Nos explica Gubern que el carácter logocéntrico de Occidente, es decir, su filiación con la palabra y el concepto y el consiguiente afán por comprender y explicar los fenómenos tanto de la naturaleza y del hombre únicamente a través del lenguaje, ha relegado el estudio y la comprensión cabal de la imagen; y muestra de ello es la identificación de lo verbal con la “creación” y lo “divino”, y de lo no verbal (la imagen) con lo “imitador” y lo “profano” (Gubern, 1987, pág. 54).
Este desdén hacia la imagen, evidentemente, choca con lo que el mundo actualmente representa: una imagen total donde individuos, instituciones, sociedad y naciones somos imagen pura, imagen que habita y gravita en los medios para ser exaltada o para ser vituperada, para ser adorada o para ser agredida…, pero jamás para ser ignorada. Incomprendida, eso sí. La comprensión de nuestro mundo pletórico de imágenes empieza precisamente por el enfoque de un universo que desafió la lógica logocéntrica que el Antiguo Testamento nos había heredado: el cristianismo y su evidente formación iconográfica en el mundo greco-romano.
Un alud impresionante de imágenes nos ha sido heredado por el cristianismo y su inconofilia capital. Este acervo de representaciones vicariales que ahora tenemos disponibles para nuestro regocijo “estético” y que muchas veces se toma como objeto de estudio antropológico e histórico es, sin embargo, producto de una concepción dual del universo, en la que la religión del cuerpo sagrado y el mito de un más allá divino e incorpóreo se fundieron para dar lugar a un concepto llamado “Encarnación”:
Occidente tiene el genio de las imágenes porque hace veinte siglos apareció en Palestina una secta herética judía que tenía el genio de los intermediarios. Entre Dios y los pecadores, esa secta intercala un término medio: el dogma de la Encarnación. Así, una carne podía ser, ¡oh escándalo!, el “tabernáculo del Espíritu Santo”. Por consiguiente, un cuerpo divino, también él materia, podía tener imagen material. De ahí viene Hollywood, por el icono y el barroco. (Debray, 1994, p. 65)
La Encarnación tiene una imagen divina y humana, con todas las propiedades del cuerpo y con todas las facultades del alma, una imagen que representa a Dios y a su Reino, a lo inmaterial del espíritu y a la salvación que se nos promete después de la muerte. Sin embargo, también representa la dualidad inherente a todo ser humano (y por lo tanto al mundo que habita): esa participación que funde cuerpo y alma en nombre de una divinidad que como máxima prueba de fe y devoción nos hace vivir en mundo de cruda corporeidad, en un mundo donde hemos creído nuestras más próximas necesidades (fisiológicas) nada tienen que ver con el espíritu.
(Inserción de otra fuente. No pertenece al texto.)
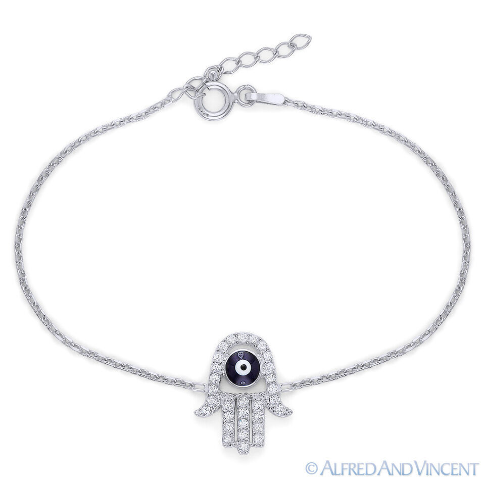 Hamsa Hand of Fatima Judaica Kabbalah Evil Eye Charm CZ Sterling Silver Bracelet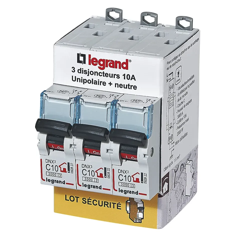 Lot de 3 disjoncteurs DNX3 unipolaire + neutre 10A Legrand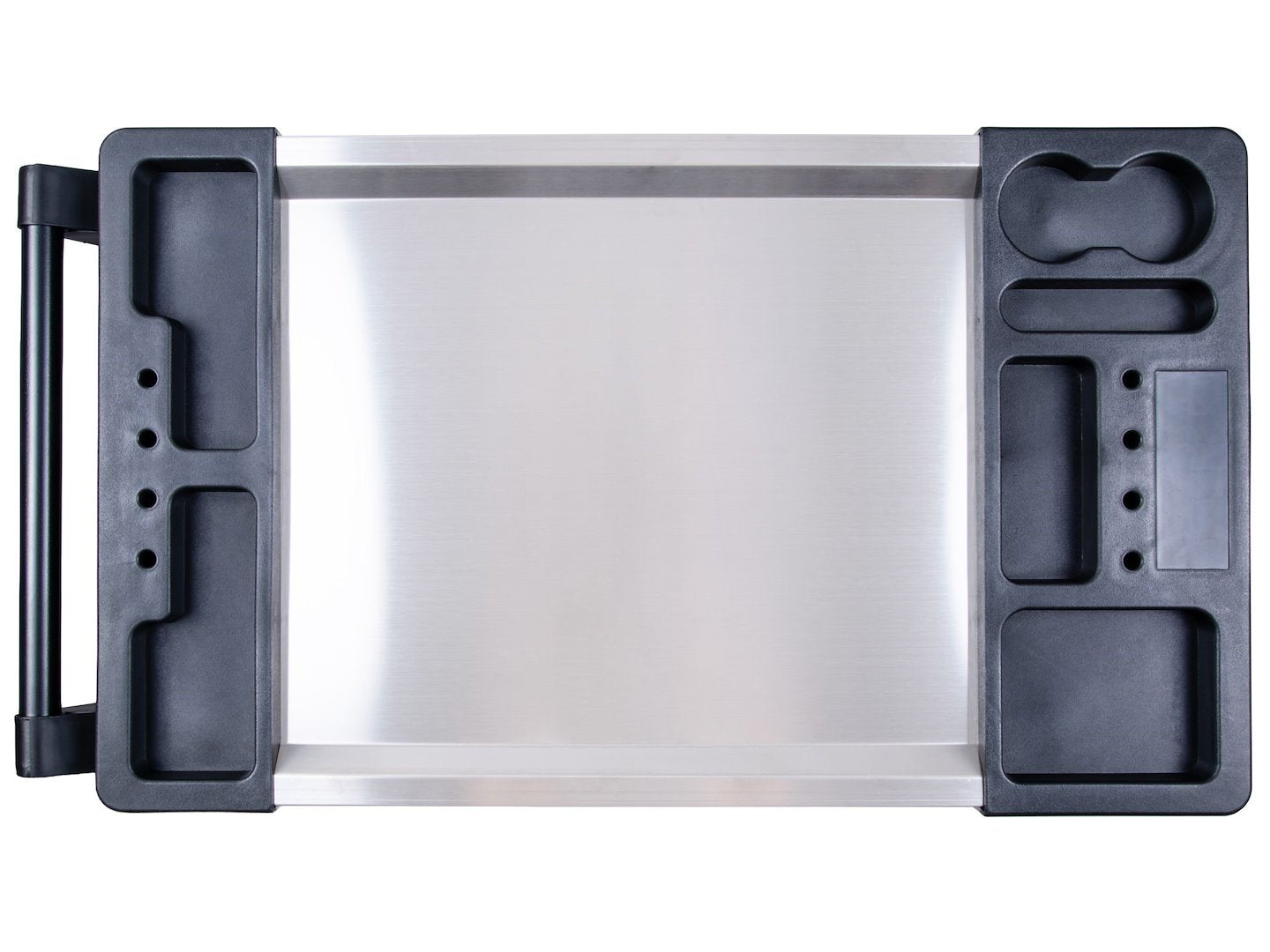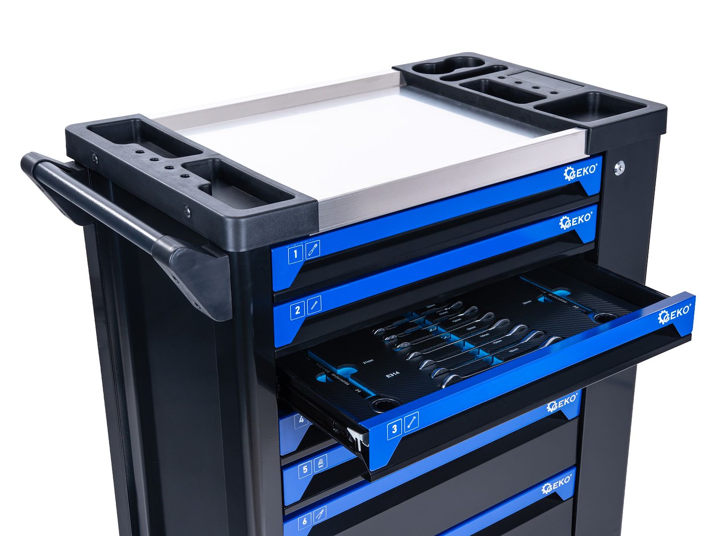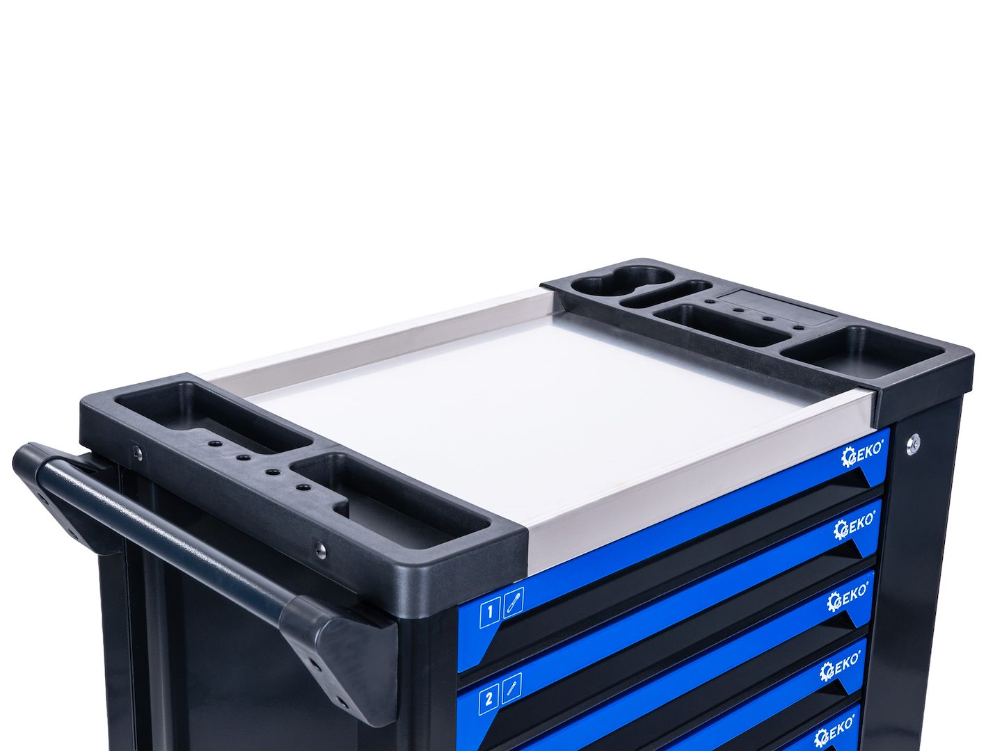 In partea de sus se afla un blat de lucru din otel inoxidabil cu dimensiunile de 470 × 450 mm, care va permite sa pregatiti uneltele sau sa efectuati lucrari minore de service fara a fi nevoie de o masa suplimentara.

¿Por qué la persona de Jesucristo es el emblema de toda representación? Porque es dos: Hombre-Dios. Verbo y carne. Así también la imagen pintada: carne deificada o materia sublimada. Lo Eterno se ha hecho Acontecimiento, como a través de un vitral… Jesucristo tiene todas las características del Hombre y todas las de Dios, las cuales se fusionan sin alterarse. Un cuadro tiene todas las propiedades de la materia y todas las del espíritu. (Debray, 1994, p. 73)
Esta dualidad de Jesucristo hacía no sólo posible, sino fervorosamente posible, aquella gran preocupación ancestral que se formó en las primeras visiones naturales de lo horrible y lo majestuoso: una comunicación esencial entre lo visible y lo invisible que dotara de paz y entendimiento al mundo circundante. En esta misma tesitura, nos dice Gubern que “… fue… la veneración de los santos mártires de las persecuciones romanas, siguiendo costumbres funerarias ancestrales, la que deslizó al cristianismo primitivo hacia la práctica de la intercesión de los santos… función intercesora de personas representables contribuyó, ya con una clara contaminación mágica, al establecimiento de una iconografía sagrada basada en la figura humana.” (Gubern, 2004, pág. 86).
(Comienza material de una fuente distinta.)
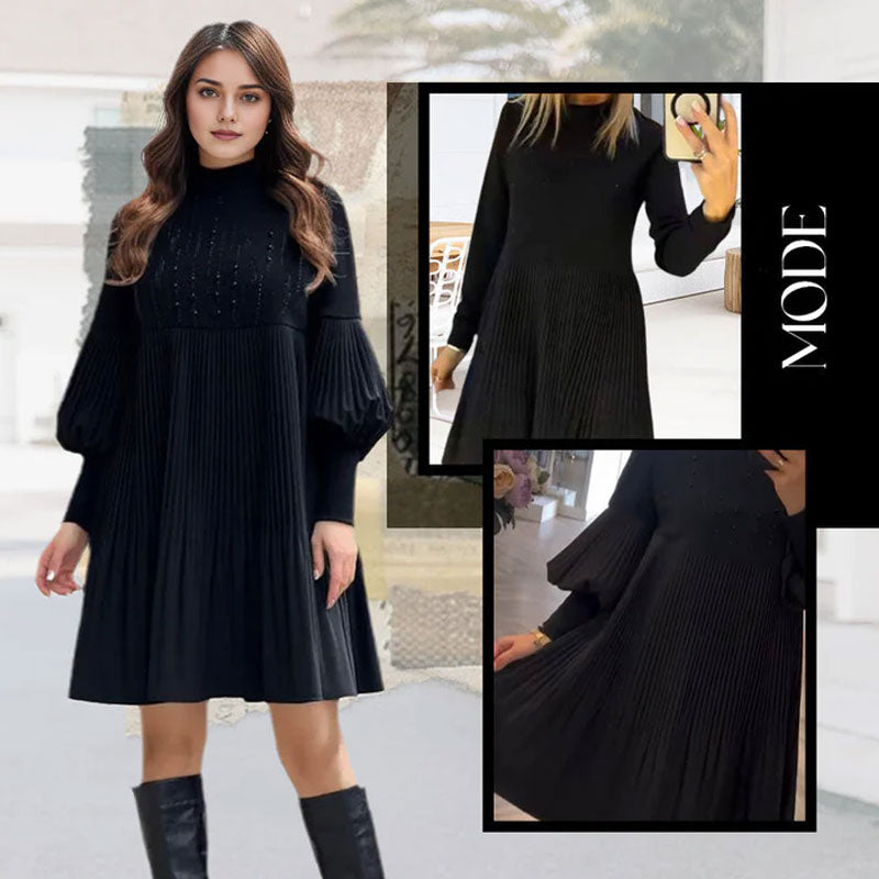 2025 Ny design✨Damklänning med ståkrage och lanternärm i plusstorlek🌈👗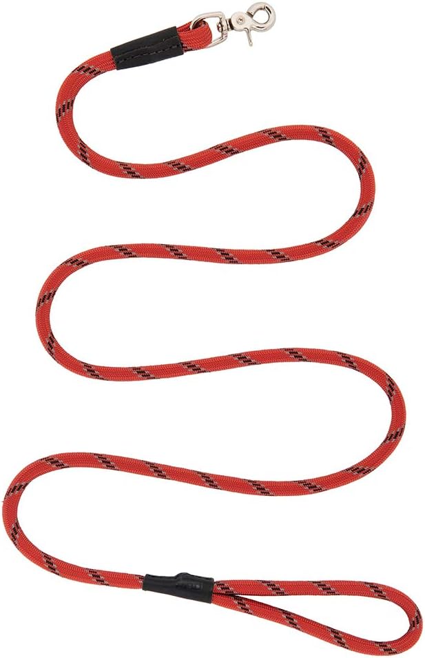 In color combinations to match our line of Terrain D.O.G. Collars, this leash is made from round braided climbing style nylon rope with a polypropylene core to withstand rugged use. Top grain leather keepers cover the sewn ends for a finished, refined look. Scissor snap for easy attachment to collars and harnesses.

Ya en el plano del arte, lo anterior tiene suma importancia pues “la operación estética es tan misteriosa como la Eucaristía: la transubstanciación de una materia en espíritu”. (Debray, 1994, p. 74). El moldeamiento artístico de la materia lingüística, pictórica, escultórica y arquitectónica en el mundo d.C., que como ya mencionamos tenía una fuerte influencia del mundo iconográfico greco-romano, hizo efectivo el misterio de la Encarnación extrapolándolo de manera invertida al campo de la creación estética: un cuadro de El Greco, creado a partir de la burda materia, expresa un grado de experiencia religiosa y mística sobrehumana; los versos de San Juan de la Cruz, sonidos que se mezclan con el aire y se pierden dentro del frenesí del mundo y que sin embargo expresan una compulsiva contemplación de lo sagrado; la basílica de San Pedro, hecha con las entrañas de la tierra, pero conteniendo las reliquias de una relación profunda y directa con lo divino.
Empero, la resistencia de los grupos iconoclastas dentro de la propia Iglesia Católica, y su férrea defensa del carácter logocéntrico que les había sido heredado por las prohibiciones semitas, provocó en un principio la persecución de los grupos cristianos iconófilos. “Fue el II Concilio de Nicea, en el año 787, el que confirmó la licitud de la veneración de imágenes, legitimada por la Encarnación, al escribir que ‘el honor rendido al icono alcanza al prototipo y aquel que se postra ante el icono se postra ante la hipóstasis de aquel que se inscribe en ella’” (Gubern, 2004, pág. 88).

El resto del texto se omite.